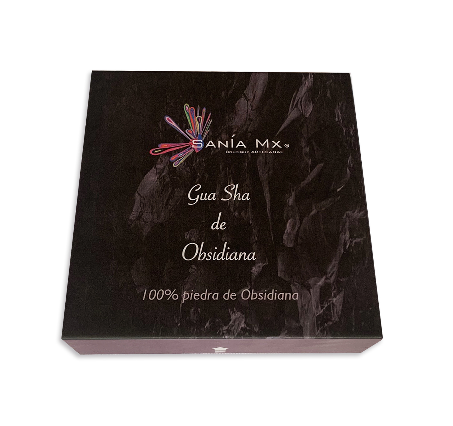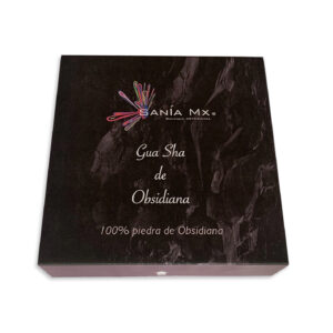 1 Gua Sha de Obsidiana, estuche rígido para conservarla y saquito de tela para guardarla.
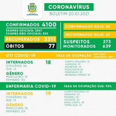 A vacinação começou, mas os casos de covid-19 não param. Nesta quarta-feira foram mais 52 confirmações em Campo Mourão. O número de mourãoenses com o vírus ativo passou de 700 (são 712). Dezoito pessoas estão internadas na UTI, que segue lotada tanto no SUS como nos convênios. Na enfermaria são 19 os leitos ocupados (93%).
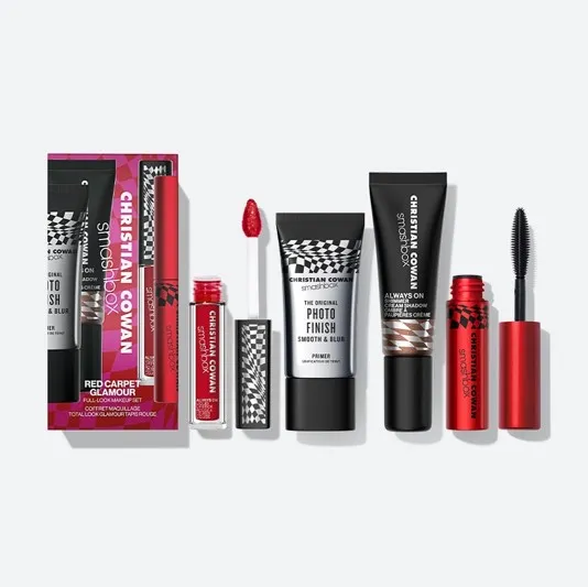 Полный набор, включающий четыре средства для макияжа. Эта лимитированная серия, созданная модельером Кристианом Коуэном, позволяет легко создавать элегантные образы в праздничный сезон и после него. Бестселлер, веганский праймер Original Photo Finish Smooth & Blur Primer помогает макияжу легко наносится, оставаться свежим и держаться дольше. Кремовые тени AlwaysOnShimmerCreamShadow, обогащенные праймером, легко смешиваются и обеспечивают насыщенный мерцанием цвет, который не тускнеет в течение 24 часов. Тушь для ресниц Super Fan придает ресницам эффект веера без размазывания и шелушения. Жидкая помада Always On Liquid Lipstick обеспечивает насыщенный матовый цвет, который держится до восьми часов. Этот набор не тестируется на животных.
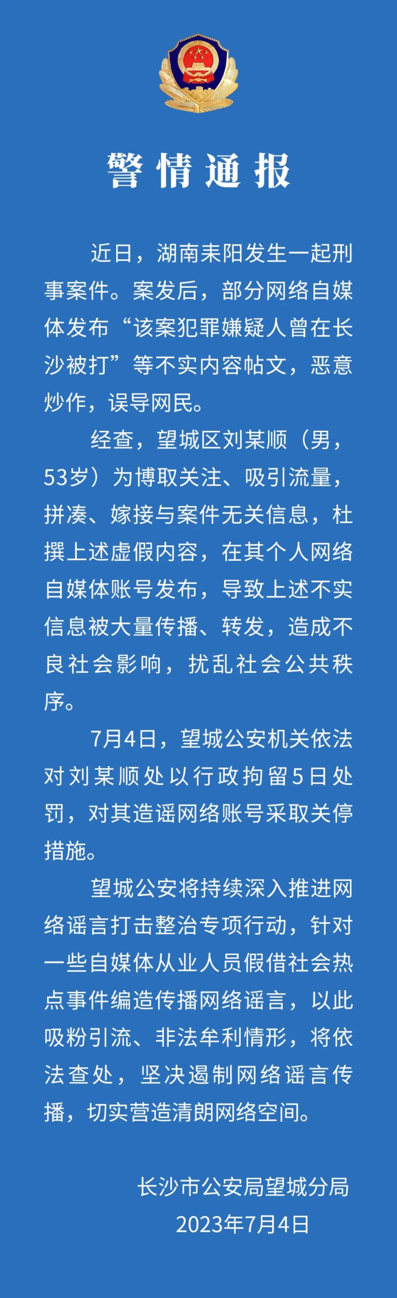 7月4日,望城公安机关依法对刘某顺处以行政拘留5日的处罚,对其造谣网络账号采取关停措施。
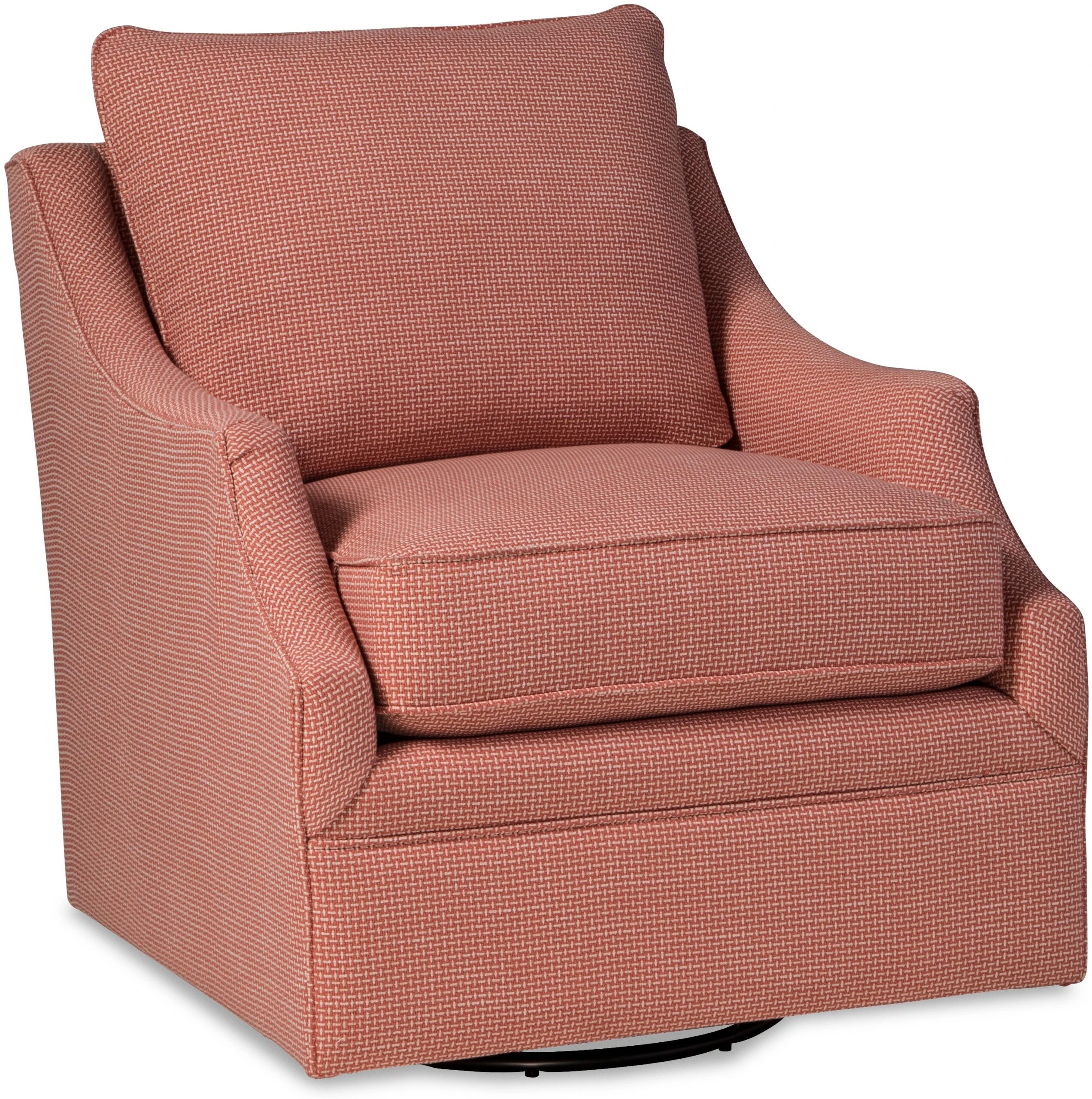 Perfectly designed and easy to love, this swivel glider is a comfortable classic piece you will love for years to come. It features a beautifully shaped scallop arm, a loose knife edge back pillow, and Paula’s exclusive Down Blend cushion for the ultimate in softness. Also available as a swivel chair (no glider) using style P087510BDSC.
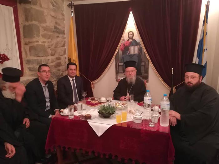 Εν συνεχεία στο κέντρο νεότητος φιλοξενήθηκαν όλοι οι καλεσμένου στους οποίους προσφέρθηκαν γλυκίσματα που ετοίμασαν οι κυρίες της Ενοριακής δράσης του Ιερού Ναού, όπου όλοι θαύμασαν και το Μουσείο Εκκλησιαστικών κειμηλίων που υπάρχει στο ναό, μοναδικό στην ευρύτερη περιοχή, αλλά και τη δανειστική βιβλιοθήκη.
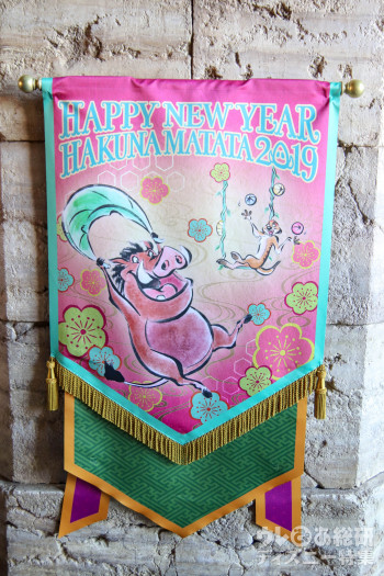 バナーには、着物を着たミッキーマウスやドナルドダック、『ライオン・キング』のキャラクターたちがデザインされいます。
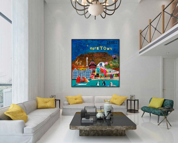 Bei akutem Fernweh nach Kapstadt hilft diese Collage. Denn er holt die bunte Faszination dieser südafrikanischen Stadt direkt in Ihr Wohnzimmer! Auch als Geschenkidee für Südafrika-Fans und Kunstfreunde eignet er sich ideal.
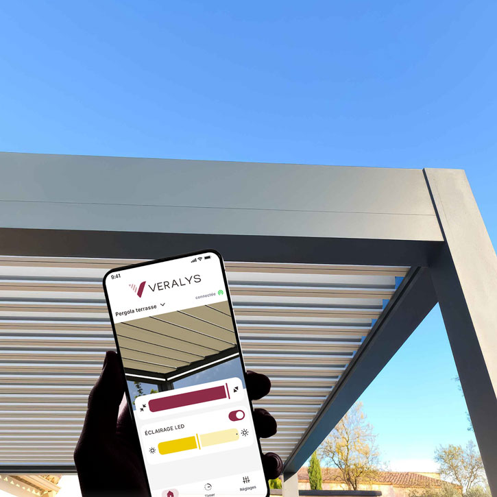 Controlée votre pergola bioclimatique depuis la plage ou du bureau. Recevez des notification et alertes en cas d'intempéries.
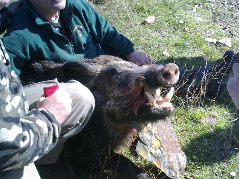 Este se mató en Roses, Girona, lo mató el compi Felipe con tres tiros de un 30-06, de los cazadores de por allí, es él de colmillos mas grandes que se recuerdan, el cerdo era de unos 80 Kg, pero ya se le veia viejo, se nos habia escapado una vez, pero esta, no, parece que fue medalla de oro, según dijo.
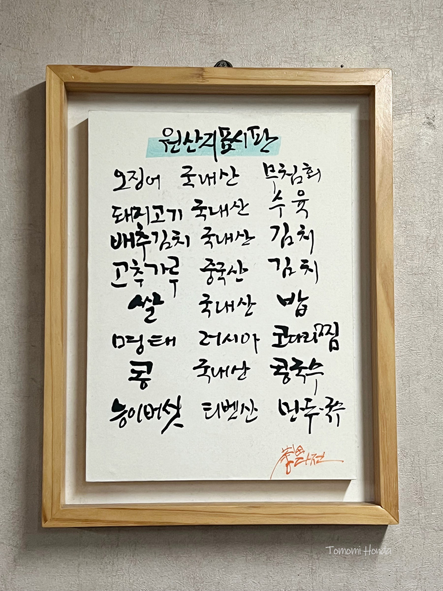 韓国の食堂って、写真のように食材の原産地を表示している所が多いじゃないですか。これを見ると、誠意が感じられて安心します。
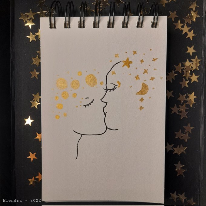En ce moment c'est pas facile mais courage, on va tous y arriver 🤍 * * * * * #Inktober #inktober2022 #inktoberday26 #ego #lovebook #book #gold #or #aquarelle #aquarelledorée #drawtober #artistoninstagram #ink #traditionalart #sketch #sketchbook
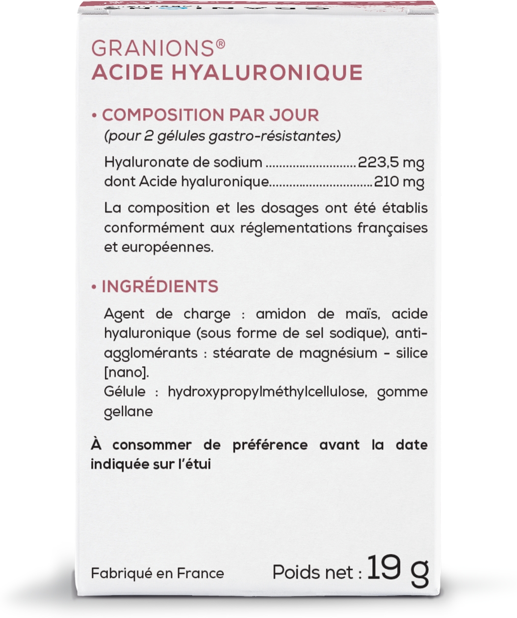 | Libellé | Granions Acide Hyaluronique 60 gélules |
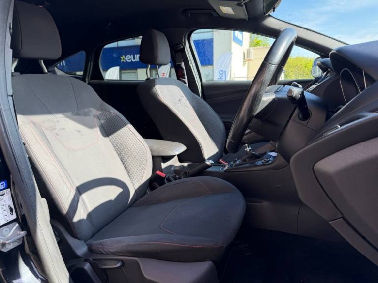 .17in Alloy Wheels - Rock Metallic Finish, Air Conditioning - Manual, Airbags - Driver and Front Passenger, Airbags - Front Side Impact, Airbags - Front and Rear Side Curtain, Alarm - Thatcham Category 1 with Volume Sensing and Perimeter, Anti-Lock Braking System - ABS with Electronic Brake Force Distribution - EBD, Black Exterior Trim Detailing including Upper Door Line and Headlamp Surround, Body Colour Large Rear Spoiler and Side Skirts, Body Coloured Front Styling Kit with Centre Aero Foil, Centre Console - Premium with Sliding Armrest - Covered Stowage Bins, Colour TFT Instrument Cluster Display, Courtesy Light - Front and Rear Passengers - Overhead Halogen and Load Compartment, Door Mirrors - Heated - Electric - Integrated Side Indicators - Body Coloured, Drivers Seat Lumbar Adjust, EPAS - Electric Power Assisted Steering, Electronic Stability Programme - ESP - with Traction Control and Emergency Brake Assist - EBA, Emergency Brake Warning - Automatic Hazard Warning Lights, Ford Easy-Fuel Capless Refuelling System, Ford Eco Mode - Driver Information System, Ford Power Starter Button, Ford SYNC3 DAB Navigation System, Front Floor Mats, Front Fog Lights, Front Seat - Drivers Manual Height and Fore-Aft Adjustment, Front Seat - Passenger Manual Fore-Aft Adjustment, Front Seats - Sports Style, Front Suspension - Independent with MacPherson Struts and Anti-Roll Bar, Gearshift Knob - Leather, Halogen Headlights with Black Surround, Headlights - Courtesy Delay, Headliner - Black Woven, Hill Start Assist, IPS - Intelligent Protection System, Keyless Start, LED Daytime Running Lights, Leather-Trimmed Handbrake, Locking Wheel Nuts, MyKey, Quickclear Heated Front Windscreen with Heated Washer Jets, Rear Bumper with Integral Body Coloured Diffuser and Honeycomb Mesh in High-Gloss Black, Rear Lights - LED, Rear Suspension - Independent Control Blade Multi-Link System and Anti-Roll Bar, Remote Central-Double Locking, ST Line Stainless Steel Scuff Plates, SYNC3 with 8in Touchscreen DAB Audio System, Seats - ISOFIX Mounting Provision for Child Seats, Spare Wheel - Mini Steel, Sports Style Pedals - Gear Knob and Steering Wheel, Steering Column - Rake and Reach Adjustment, Steering Wheel - 3-spoke Flat Bottom - Leather Trimmed, Suspension - Sports, TVC - Torque Vectoring Control, Trip Computer, Tyre Pressure Monitoring System, Upper and Lower Grille - High Gloss Black Honeycomb Design, Windows - Electrically Operated Front with One Touch Lowering on Drivers Side, Wipers
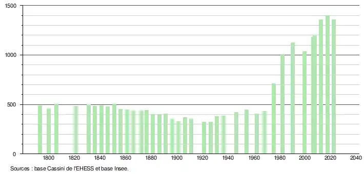 L'évolution du nombre d'habitants est connue à travers les recensements de la population effectués dans la commune depuis 1793. Pour les communes de moins de 10 000 habitants, une enquête de recensement portant sur toute la population est réalisée tous les cinq ans, les populations de référence des années intermédiaires étant quant à elles estimées par interpolation ou extrapolation[31]. Pour la commune, le premier recensement exhaustif entrant dans le cadre du nouveau dispositif a été réalisé en 2007[32].
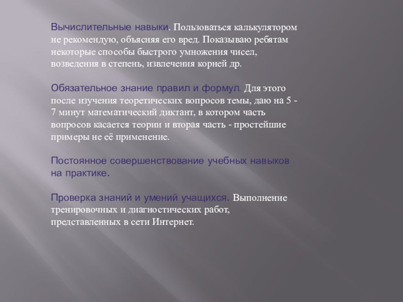 Слайд 7Вычислительные навыки. Пользоваться калькулятором не рекомендую, объясняя его вред. Показываю ребятам
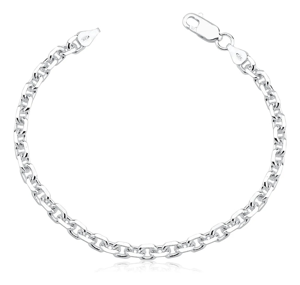 Pulseira Masculina De Prata 925 Elo Cadeado 5mm Comprimento 22 cm Diâmetro 22 cm
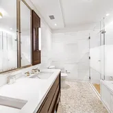 The stately primary suite boasts sunny southern exposure and tree top views, with generous walk in closet. An ensuite five fixer marble bath features a double vanity, Waterworks fixtures and chic Calacatta Gold mosaic floors. The secondary bedroom is also very spacious can easily fit king size bedroom, also with an en suite bathroom with limestone floors and an oversized shower.
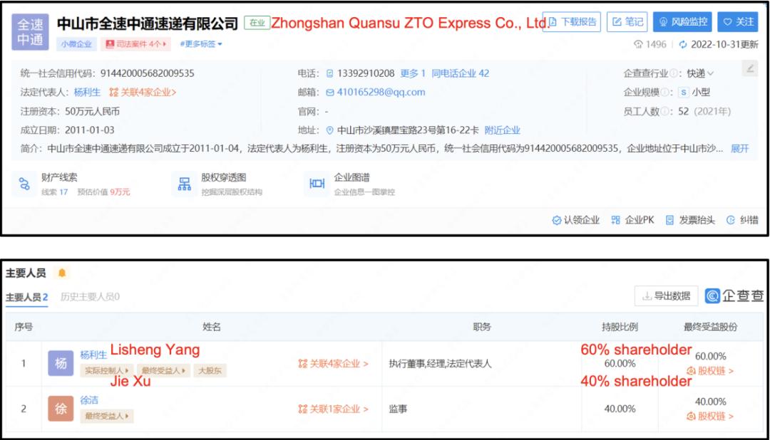 企查查显示,杨利生和徐洁两人分别拥有中山全速60%和40%的股全。中山泉速将中通列为其商标,表明其作为中通实体运营。
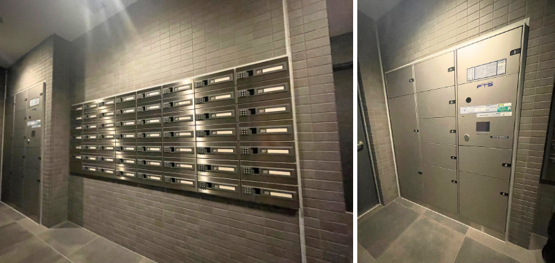 ポストや宅配ボックスも美しく整理された空間に設けられており、共用部全体に行き届いた管理体制が感じられます。
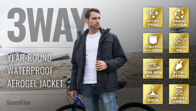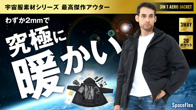 DADA株式会社(本社:東京都渋谷区、代表取締役:土橋竜也、以下 DADA)が開発販売する、宇宙服にも使われている厚さ2mmで-196℃を断熱する素材「エアロゲル」を活用した”超断熱”3IN1ジャケット「SPACE FLEX(スペースフレックス)」を日本にて独占開発し、2023年12月15日(金)まで応援購入サービス「Makuake」で先行予約販売を実施しています。
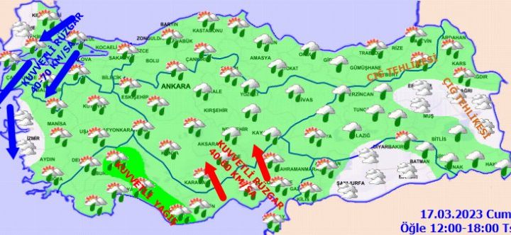 Meteoroloji, Antalya, Isparta, Mersin, Adana, Kahramanmaraş, Gaziantep, Kilis, Adıyaman, Şanlıurfa ve Mardin çevrelerinde yer yer kuvvetli yağış...
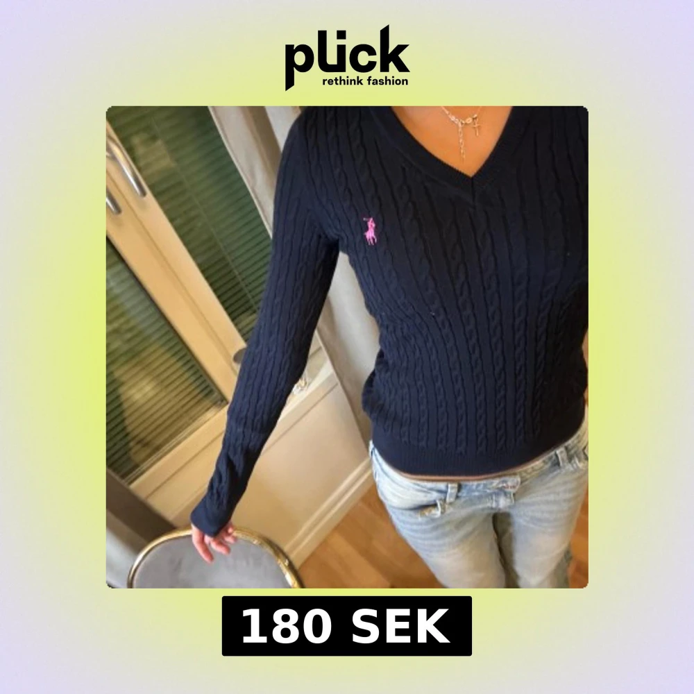 Säljer en stilren mörkblå kabelstickad tröja från Ralph Lauren med en rosa broderad logotyp på bröstet. Tröjan har en v-ringad hals och långa ärmar, perfekt för en klassisk look. Passar bra till jeans eller kjol för en avslappnad men elegant stil.
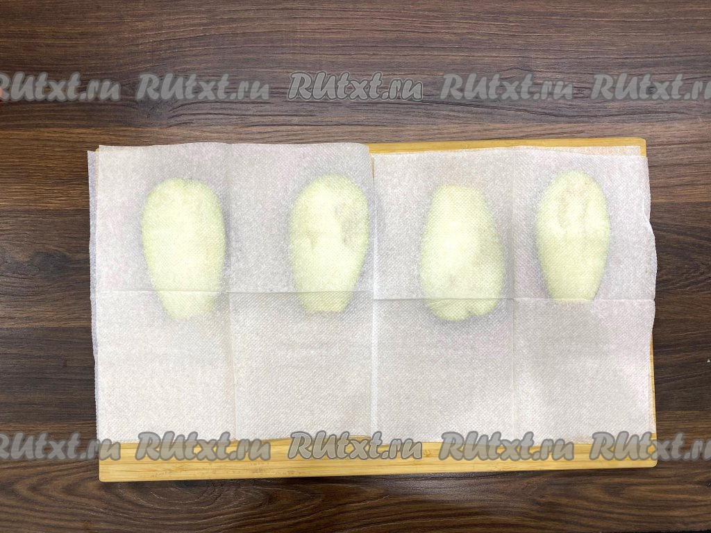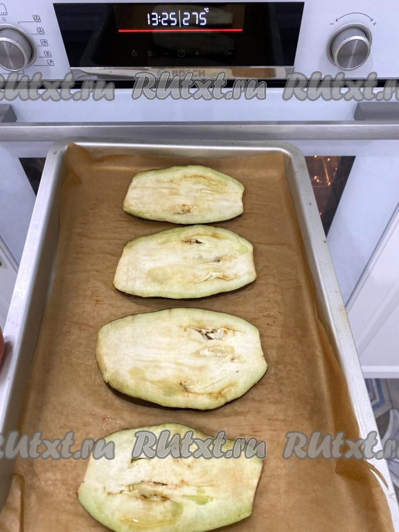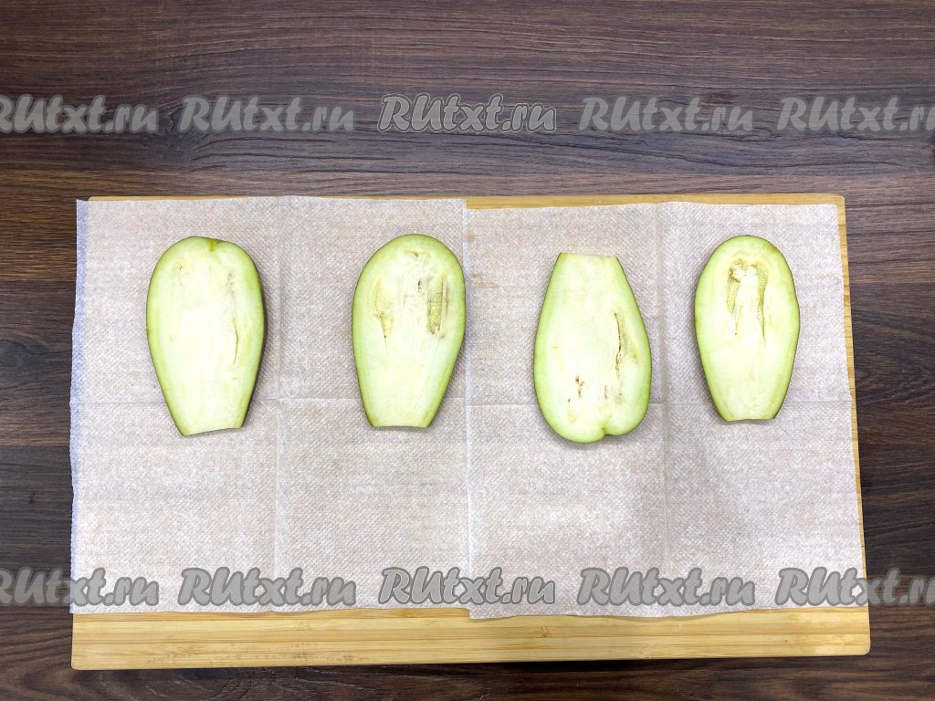Оставить посоленные баклажаны минут на 10, затем промокнуть бумажным полотенцем, убирая выделившуюся жидкость. Включить духовку, выставить температуру 200 градусов.

-.-.-

### Your task:
Could you retype exactly the lines running from the one with "yer kuvvetli yağış..." to the end of the material above, pictures omitted?

### Final answer:
 Meteoroloji, Antalya, Isparta, Mersin, Adana, Kahramanmaraş, Gaziantep, Kilis, Adıyaman, Şanlıurfa ve Mardin çevrelerinde yer yer kuvvetli yağış...
 Säljer en stilren mörkblå kabelstickad tröja från Ralph Lauren med en rosa broderad logotyp på bröstet. Tröjan har en v-ringad hals och långa ärmar, perfekt för en klassisk look. Passar bra till jeans eller kjol för en avslappnad men elegant stil.
Оставить посоленные баклажаны минут на 10, затем промокнуть бумажным полотенцем, убирая выделившуюся жидкость. Включить духовку, выставить температуру 200 градусов.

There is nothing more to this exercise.